### Input data
/---

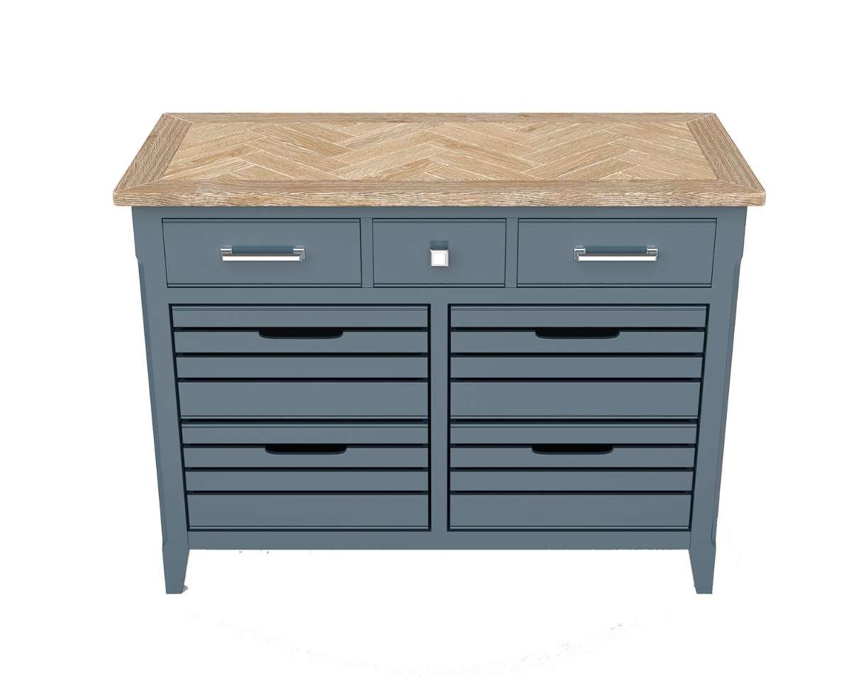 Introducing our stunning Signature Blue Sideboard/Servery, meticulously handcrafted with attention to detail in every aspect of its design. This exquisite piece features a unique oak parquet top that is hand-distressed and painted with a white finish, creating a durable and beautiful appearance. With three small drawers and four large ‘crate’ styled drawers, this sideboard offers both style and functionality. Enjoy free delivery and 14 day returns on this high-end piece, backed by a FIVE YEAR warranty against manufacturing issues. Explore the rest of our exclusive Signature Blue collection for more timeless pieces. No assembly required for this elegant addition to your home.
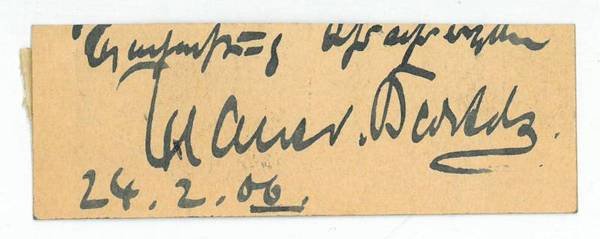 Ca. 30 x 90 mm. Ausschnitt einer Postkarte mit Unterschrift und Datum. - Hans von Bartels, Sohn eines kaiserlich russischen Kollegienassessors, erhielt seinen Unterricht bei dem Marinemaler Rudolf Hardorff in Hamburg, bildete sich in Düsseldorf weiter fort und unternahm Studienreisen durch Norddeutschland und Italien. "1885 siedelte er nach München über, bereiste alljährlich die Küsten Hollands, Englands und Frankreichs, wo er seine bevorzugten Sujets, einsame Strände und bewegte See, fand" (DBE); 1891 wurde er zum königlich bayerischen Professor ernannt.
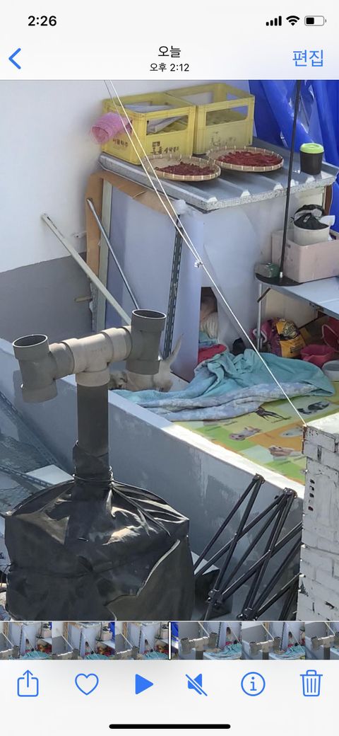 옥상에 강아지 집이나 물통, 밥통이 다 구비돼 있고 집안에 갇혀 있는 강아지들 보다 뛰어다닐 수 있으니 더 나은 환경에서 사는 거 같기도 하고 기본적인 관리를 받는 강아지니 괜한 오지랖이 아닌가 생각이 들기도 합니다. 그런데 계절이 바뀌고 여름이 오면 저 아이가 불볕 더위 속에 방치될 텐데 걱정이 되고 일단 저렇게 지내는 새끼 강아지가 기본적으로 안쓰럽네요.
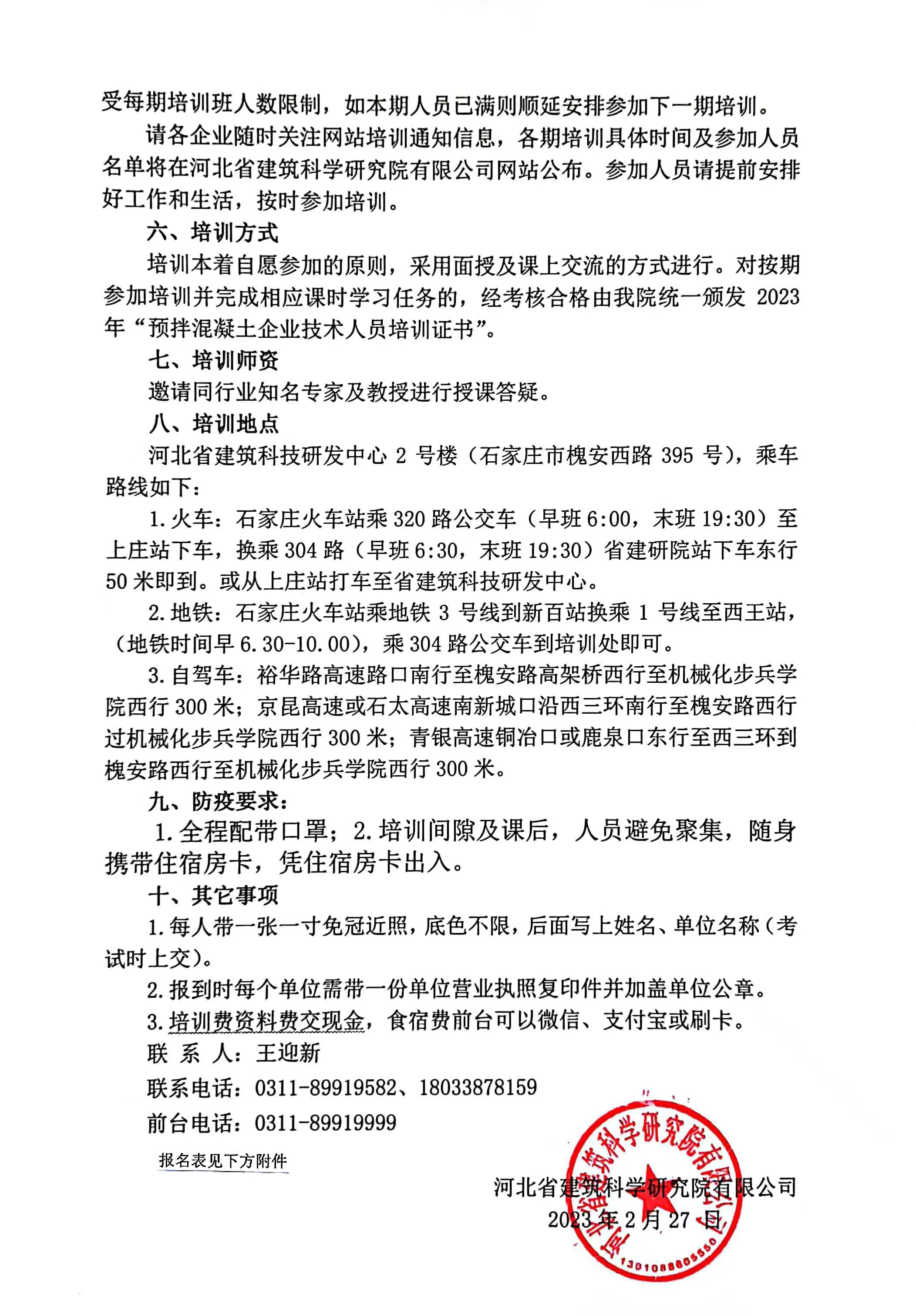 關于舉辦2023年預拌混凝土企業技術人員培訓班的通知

\---
/---

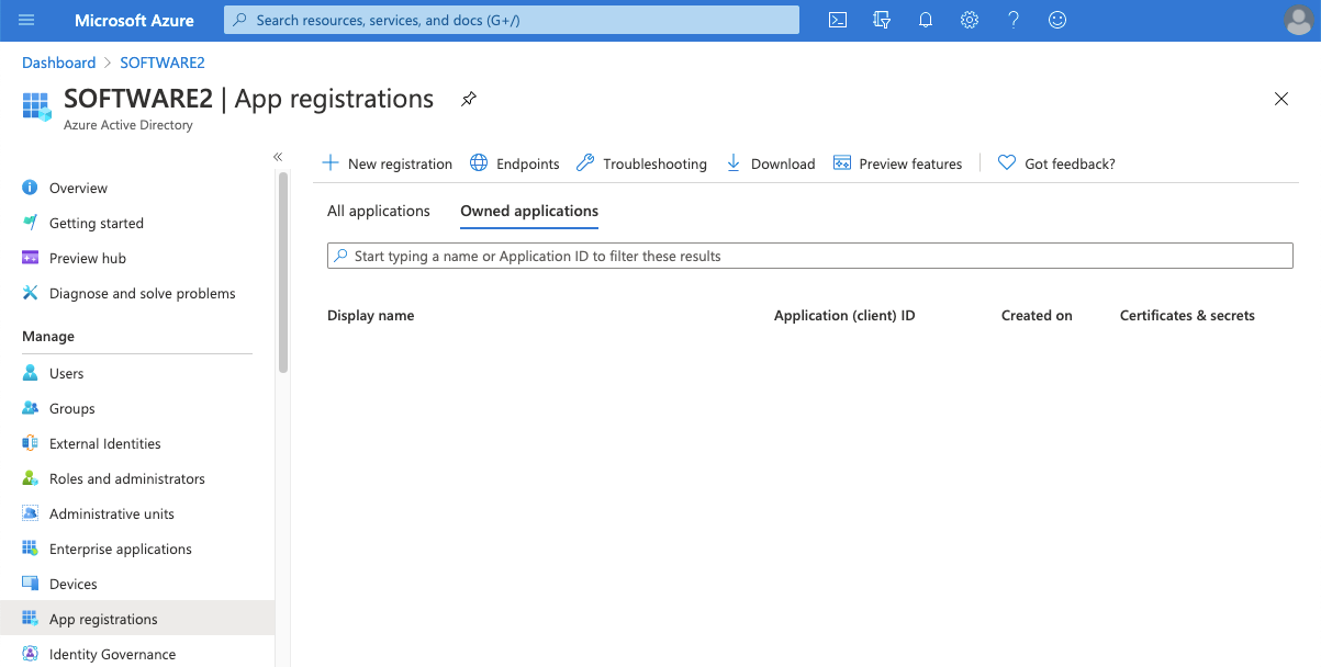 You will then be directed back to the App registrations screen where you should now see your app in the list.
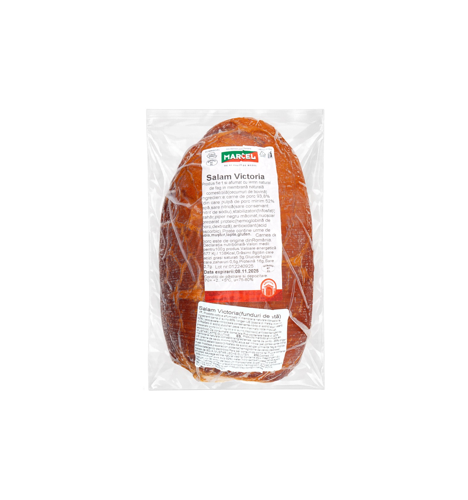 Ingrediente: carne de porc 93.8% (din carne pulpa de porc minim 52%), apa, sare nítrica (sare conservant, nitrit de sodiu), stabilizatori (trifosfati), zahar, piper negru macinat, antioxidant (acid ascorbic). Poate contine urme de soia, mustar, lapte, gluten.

\---

### Task directions
Taking the entries above, extract every line from the one bearing "You will then" through the one bearing "Ingrediente: carne de", exactly, with no pictures.

### Response to this task
 You will then be directed back to the App registrations screen where you should now see your app in the list.
 Ingrediente: carne de porc 93.8% (din carne pulpa de porc minim 52%), apa, sare nítrica (sare conservant, nitrit de sodiu), stabilizatori (trifosfati), zahar, piper negru macinat, antioxidant (acid ascorbic). Poate contine urme de soia, mustar, lapte, gluten.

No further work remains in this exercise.